(Task objective):
Send back the data below exactly. Drop every picture.

(Recorded data):
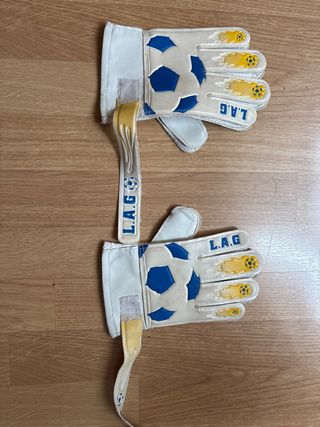 Guantes de portero de fútbol con diseño de balón. - Color blanco con detalles en azul y amarillo. - Cierre de velcro en la muñeca. - Inscripción L.A.G. en la parte superior. -Guantes de niño
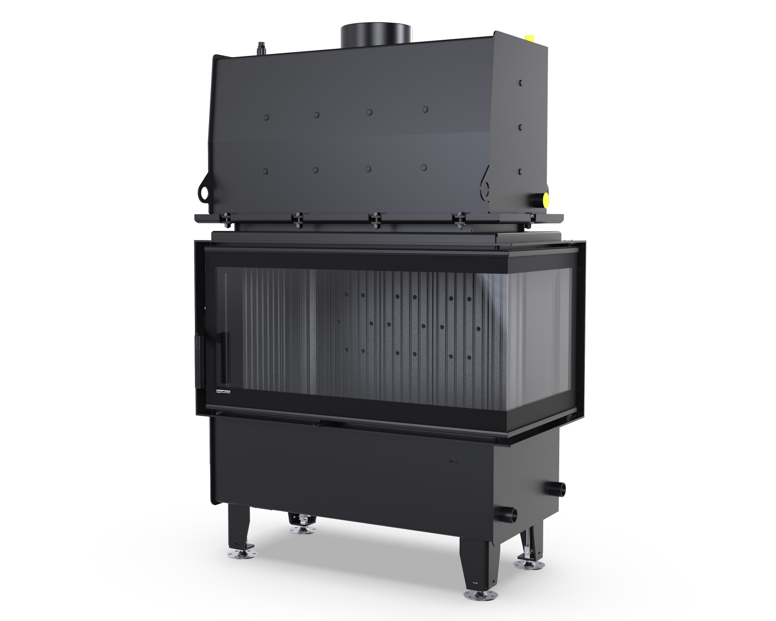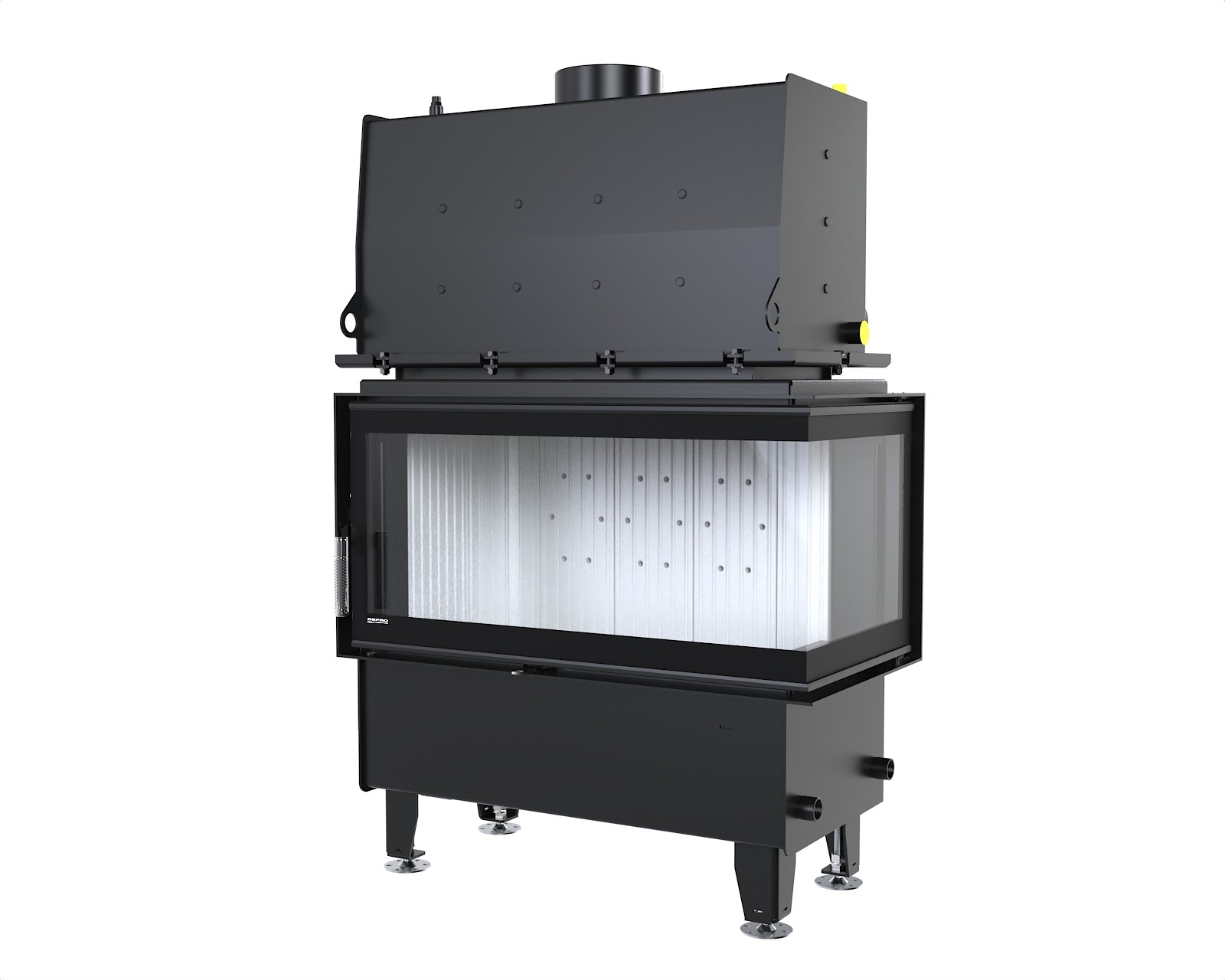 Dodatkowe przeszklenie po prawej stronie pozwala na atrakcyjny widok paleniska z kilku perspektyw, idealny do narożnych i nowoczesnych zabudów kominkowych.
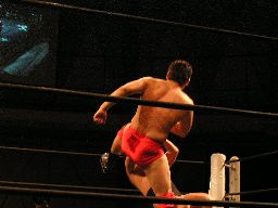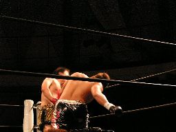 MIKAMIコーナーに振る、ジェット切り返す、MIKAMIエプロンに出てキック、コーナーに上ってミサイルキック(左写真)。MIKAMIロープに飛ぶ、HERO!がエプロンからキック。
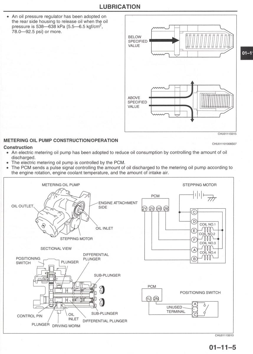-There is no benefit, or possible harm, to using a separate oil reservoir for injecting more 'suitable' oil. I have looked for but have not found anything that could be called scientific evidence as to its effects. One area I have been concerned with is the pressure needed to fill the cylinders, particularly at the cold temperatures (high oil viscosity) where I live. This pump has very little capability of sucking in oil. I asked Richard about this pressure and he responded with "This pressure has not been measured, however, the oil enters the OMP right at the outflow of the oil into the oil pan. This can only be visualized on the actual hard ware, since a real picture of it does not axist to my knowlege". I may eventually attempt to measure this pressure and do some bench testing at different temperatures to see how oil flow is affected.

(Answer to the exercise):
 Guantes de portero de fútbol con diseño de balón. - Color blanco con detalles en azul y amarillo. - Cierre de velcro en la muñeca. - Inscripción L.A.G. en la parte superior. -Guantes de niño
 Dodatkowe przeszklenie po prawej stronie pozwala na atrakcyjny widok paleniska z kilku perspektyw, idealny do narożnych i nowoczesnych zabudów kominkowych.
 MIKAMIコーナーに振る、ジェット切り返す、MIKAMIエプロンに出てキック、コーナーに上ってミサイルキック(左写真)。MIKAMIロープに飛ぶ、HERO!がエプロンからキック。
-There is no benefit, or possible harm, to using a separate oil reservoir for injecting more 'suitable' oil. I have looked for but have not found anything that could be called scientific evidence as to its effects. One area I have been concerned with is the pressure needed to fill the cylinders, particularly at the cold temperatures (high oil viscosity) where I live. This pump has very little capability of sucking in oil. I asked Richard about this pressure and he responded with "This pressure has not been measured, however, the oil enters the OMP right at the outflow of the oil into the oil pan. This can only be visualized on the actual hard ware, since a real picture of it does not axist to my knowlege". I may eventually attempt to measure this pressure and do some bench testing at different temperatures to see how oil flow is affected.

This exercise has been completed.